**PROBLEM REQUIREMENTS**
Below, locate the line that contains "Brašnu pro cykloturistiku". Repeat exactly from that line to the line that contains "Menopause Essentials is", inclusive, leaving out the pictures.

**TASK MATERIAL**
-------
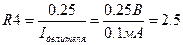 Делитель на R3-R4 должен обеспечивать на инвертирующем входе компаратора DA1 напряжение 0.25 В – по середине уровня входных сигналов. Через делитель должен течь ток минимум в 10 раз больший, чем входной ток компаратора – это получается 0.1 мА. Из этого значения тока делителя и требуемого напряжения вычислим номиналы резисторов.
-------
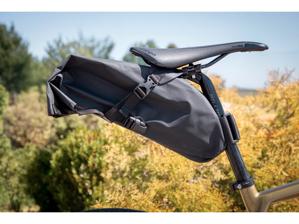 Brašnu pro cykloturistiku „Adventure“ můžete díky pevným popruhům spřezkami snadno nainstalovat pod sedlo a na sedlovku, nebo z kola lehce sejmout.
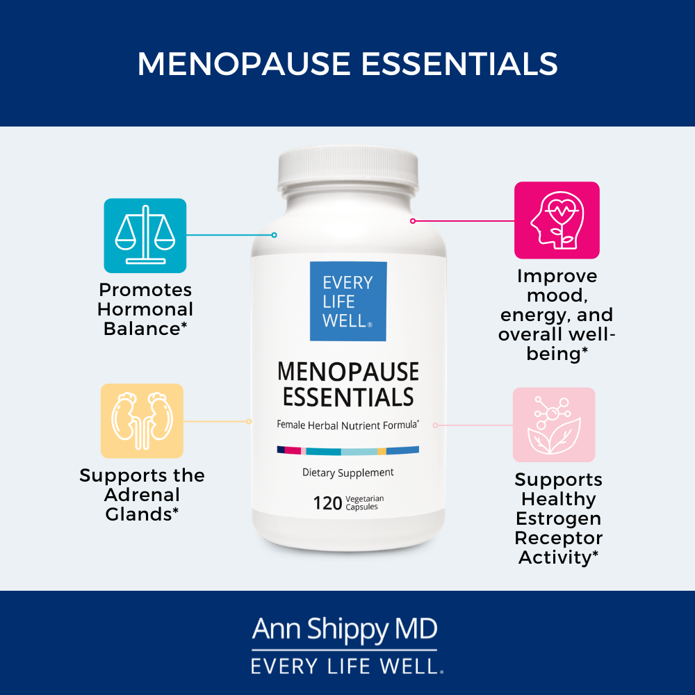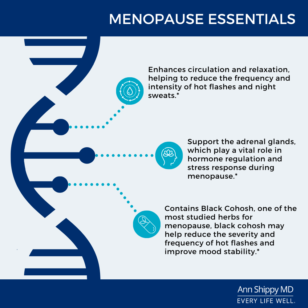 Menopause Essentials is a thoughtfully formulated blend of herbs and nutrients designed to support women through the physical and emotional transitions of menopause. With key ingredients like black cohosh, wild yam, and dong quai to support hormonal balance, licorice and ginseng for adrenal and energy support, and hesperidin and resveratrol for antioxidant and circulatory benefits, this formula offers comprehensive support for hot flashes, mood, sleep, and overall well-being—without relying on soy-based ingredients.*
-------
**EXERCISE RESPONSE**
 Brašnu pro cykloturistiku „Adventure“ můžete díky pevným popruhům spřezkami snadno nainstalovat pod sedlo a na sedlovku, nebo z kola lehce sejmout.
 Menopause Essentials is a thoughtfully formulated blend of herbs and nutrients designed to support women through the physical and emotional transitions of menopause. With key ingredients like black cohosh, wild yam, and dong quai to support hormonal balance, licorice and ginseng for adrenal and energy support, and hesperidin and resveratrol for antioxidant and circulatory benefits, this formula offers comprehensive support for hot flashes, mood, sleep, and overall well-being—without relying on soy-based ingredients.*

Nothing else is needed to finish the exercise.